1.What are the stakeholders that should be involved in applying Machine Learning in symptom prediction? What are their roles and responsibilities?
= 1.1 Oncologists and Other Healthcare Professionals (Medical Expertise): Provide medical knowledge to guide model development and ensure the predictions align with clinical reality. Their role also includes ensuring ethical considerations in symptom management are addressed for patient safety.
1.2 Data Scientists (Machine Learning Expertise): Develop the model and ensure the machine learning algorithms are accurate, reliable, and technically robust.

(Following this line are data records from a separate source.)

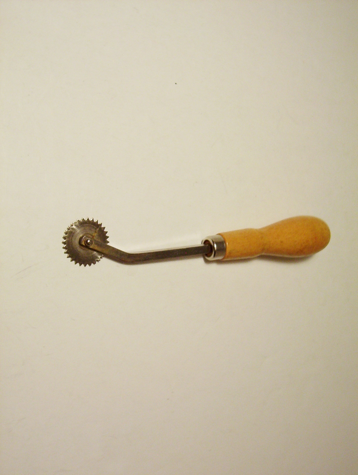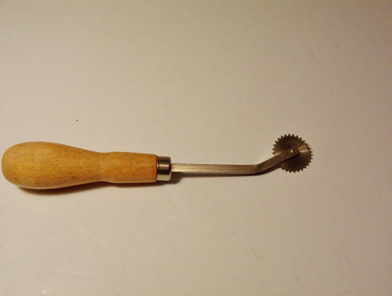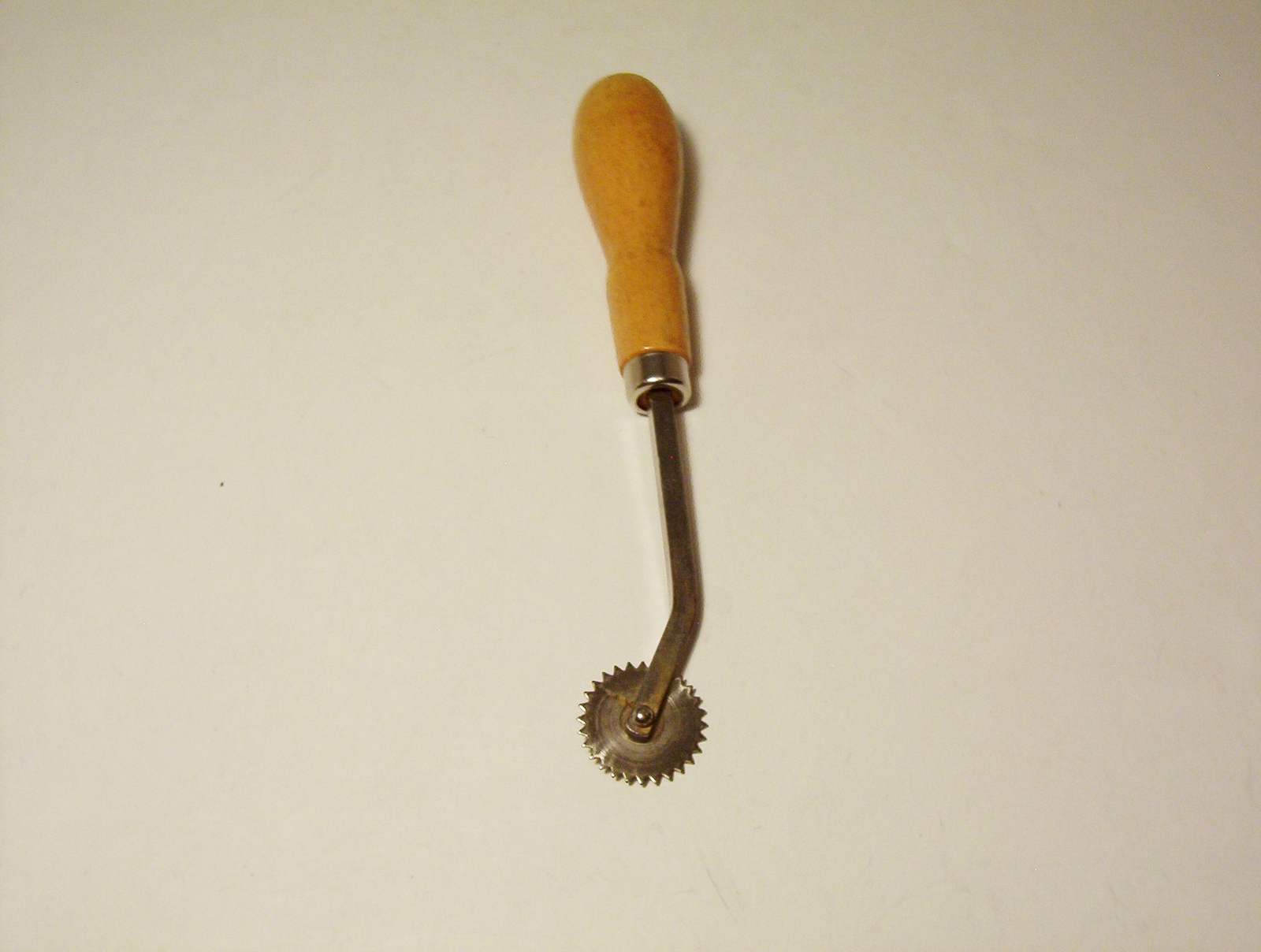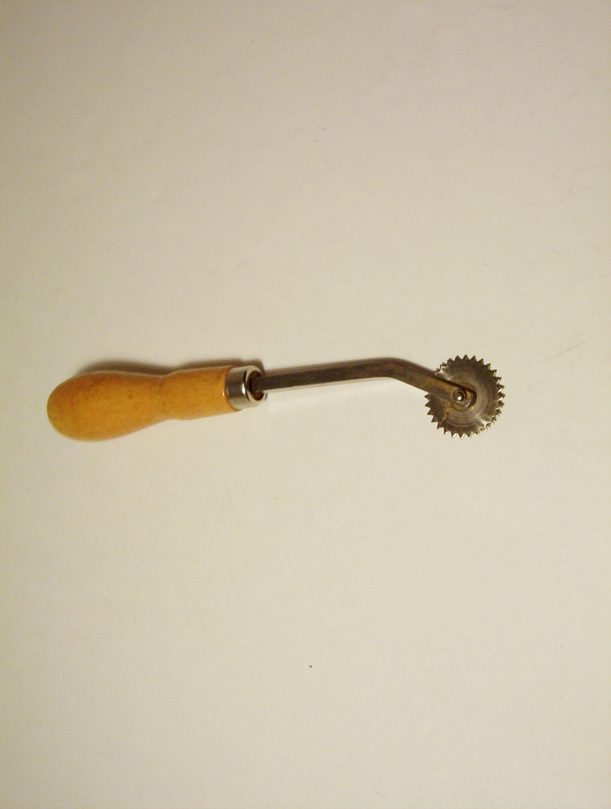 This is a wood handled tracing wheel used to mark patterns on the material. Would make a nice addition to your sewing tools.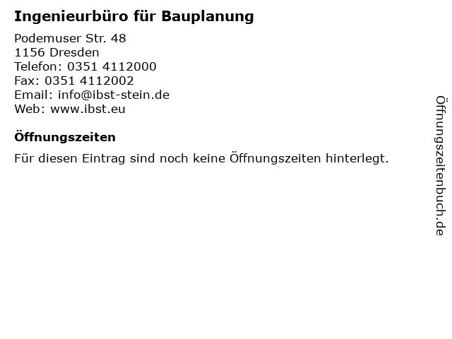 | Öffnungszeiten Ingenieurbüro für Bauplanung in Dresden anzeigen | |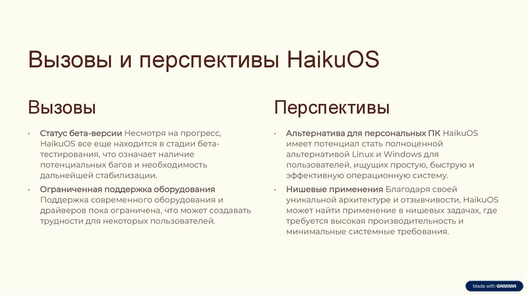 HaikuOS, обеспечивая его развитие и устойчивость.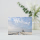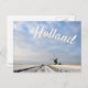 Photo postcard of a minimalistic view on a winter landscape in Holland with a path and a canal towards a windmill under a layer of snow with nice clouds at sunrise in the dutch countryside with the text 'Holland'.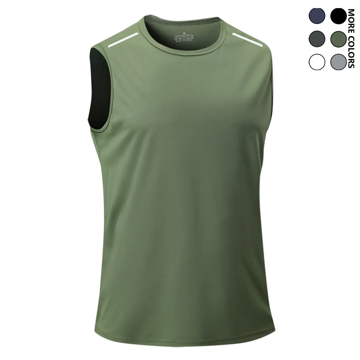 This men's tank top is designed for summer gym, running, and training. It features a crew neck and is made from polyester fiber, ensuring breathability and quick-dry properties. Perfect for athletic wear, it comes in black, white, and navy blue. Stay comfortable and focused during your workouts.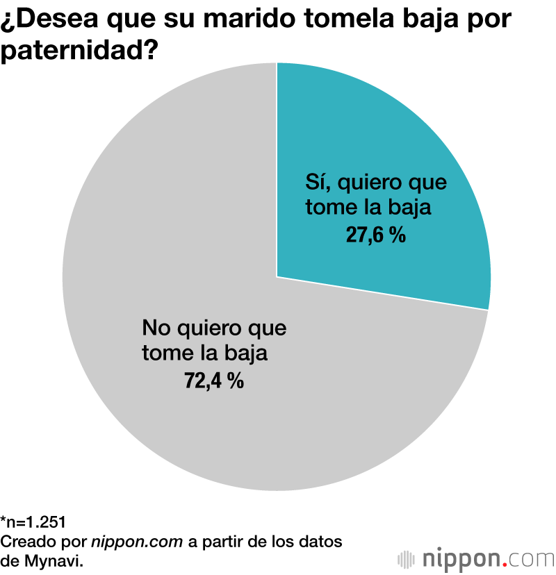 Una encuesta realizada por la empresa Mynavi a mujeres casadas de entre 20 y 59 años que trabajan a tiempo parcial reveló que un 72,4 % de las participantes con hijos y cuyos maridos nunca habían pedido la baja por paternidad no deseaban que sus cónyuges se tomasen dicho permiso.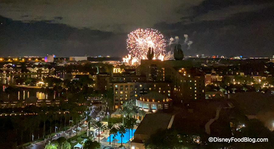 During our visit to the Swan and Dolphin hotel for the Food & Wine Classic event, we got to check out the Swan Reserve hotel. While we were visiting the new hotel, we had a STUNNING view we HAD to share! Is this a new favorite firework viewing location? You decide!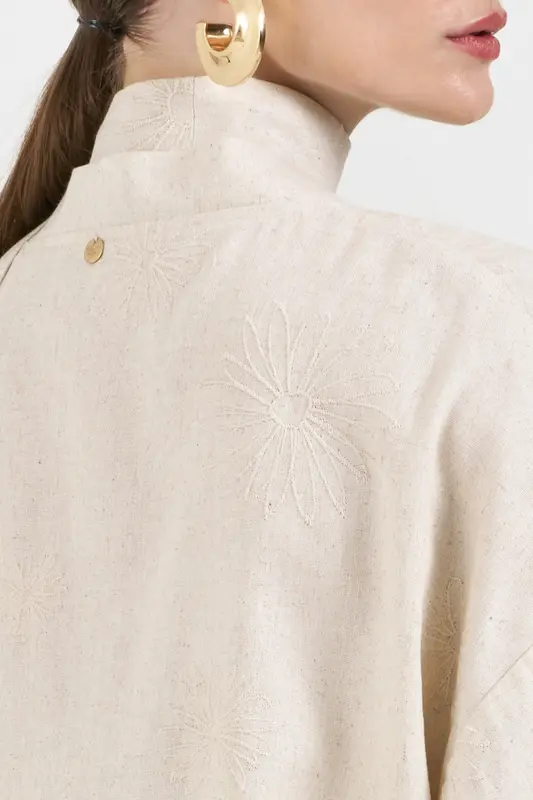 Kimono de Linho Bordado Feminino KP5319. Composição: 70% Viscose, 30% Linho.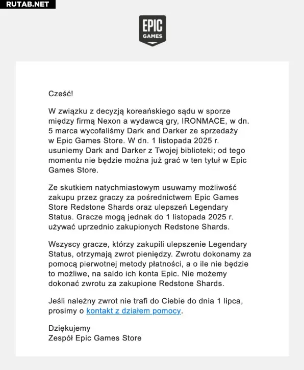 Теперь Epic Games Store объявила, что 1 ноября 2025 года Dark and Darker будет удалена из магазина и библиотек игроков. Пользователи, купившие Legendary-издание, могут рассчитывать на возврат средств. Однако деньги, потраченные на внутриигровую валюту Redstone Shards, возвращены не будут.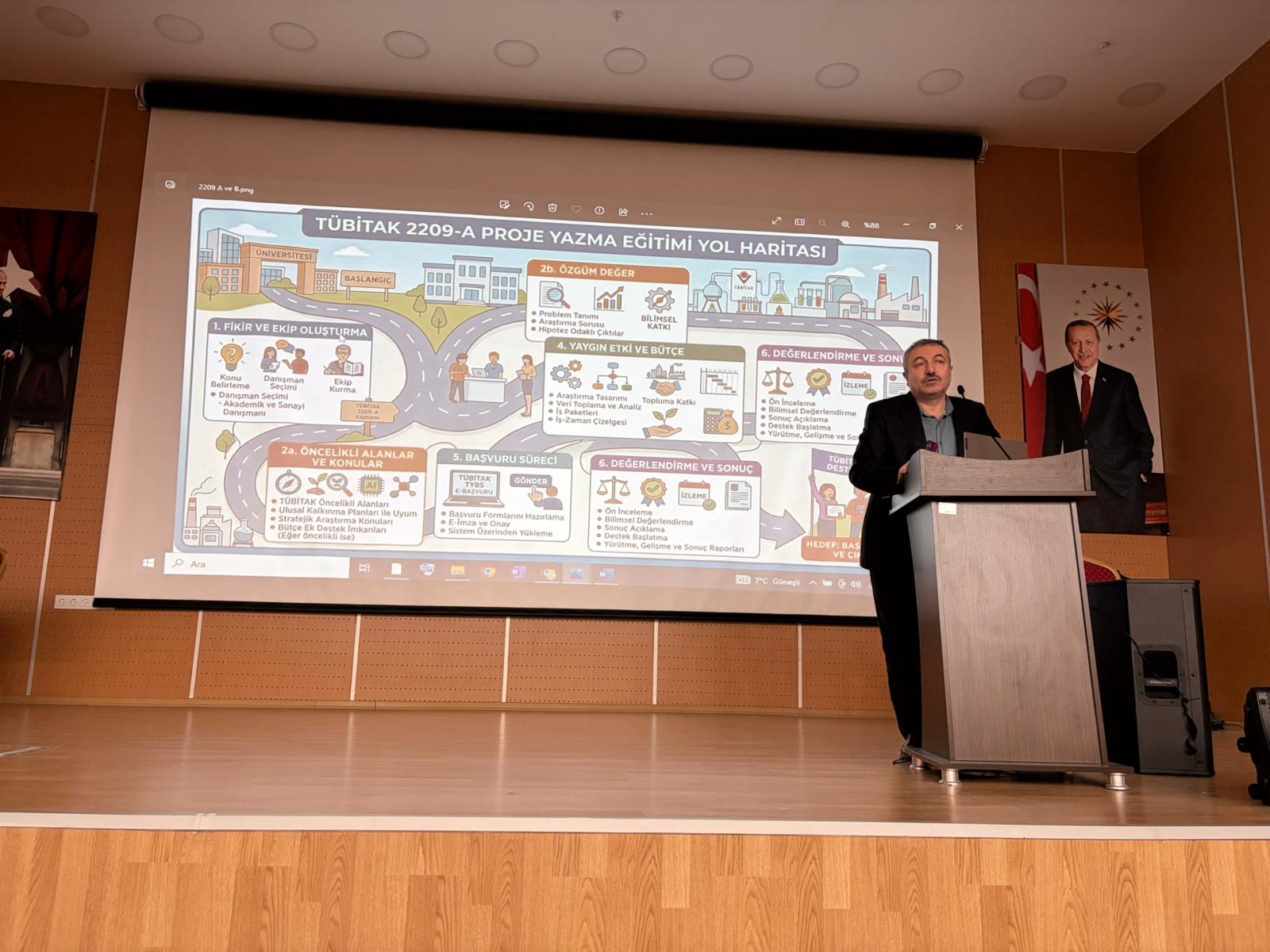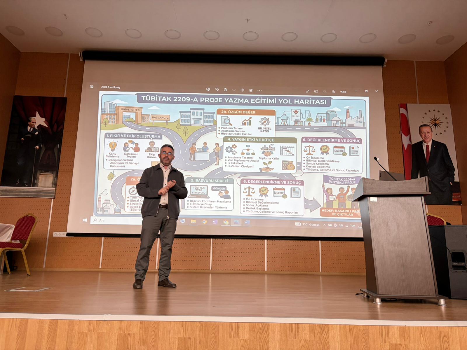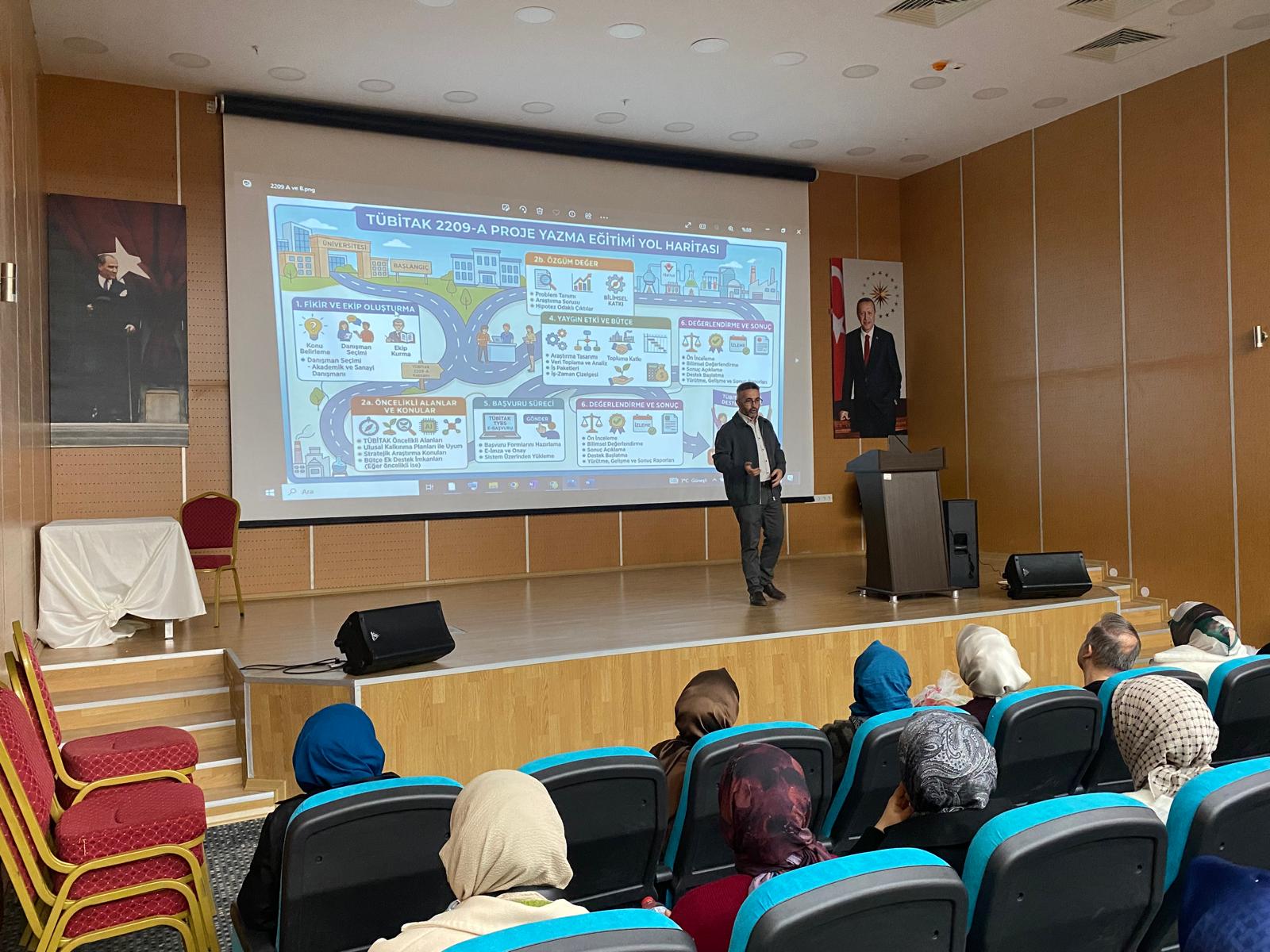 Sunumda; problem tanımlama, özgün değer ortaya koyma, yöntem belirleme, yaygın etki ve bütçe planlama gibi temel aşamalar ayrıntılı biçimde ele alındı. Ayrıca, akademik yazımda dikkat edilmesi gereken hususlar ve hakem değerlendirme süreçlerine nasıl etkin şekilde cevap verilebileceği konusunda da pratik öneriler sunuldu.

1.3 Patients: Provide accurate information about their symptoms and experiences to improve the model’s accuracy. Once the model is launched, they can offer feedback on the effectiveness of the predictions.
2. What potential ethical considerations or challenges should researchers and clinicians keep in mind when developing and deploying machine learning models to predict cancer symptoms?
= 2.1 Ethical considerations: Researchers and clinicians should prioritize data privacy and ensure informed consent from patients. This will provide transparency in how patient data is used during the model’s development and application. Protecting patient privacy throughout the data collection, storage, and analysis phases is essential to maintaining trust and ethical integrity.
2.2 Challenges: A significant challenge is managing biased data. While more input data generally improves the reliability and accuracy of machine learning models, biased input data can lead to skewed predictions. In the worst-case scenario, it could lead to inaccurate predictions that may harm patients.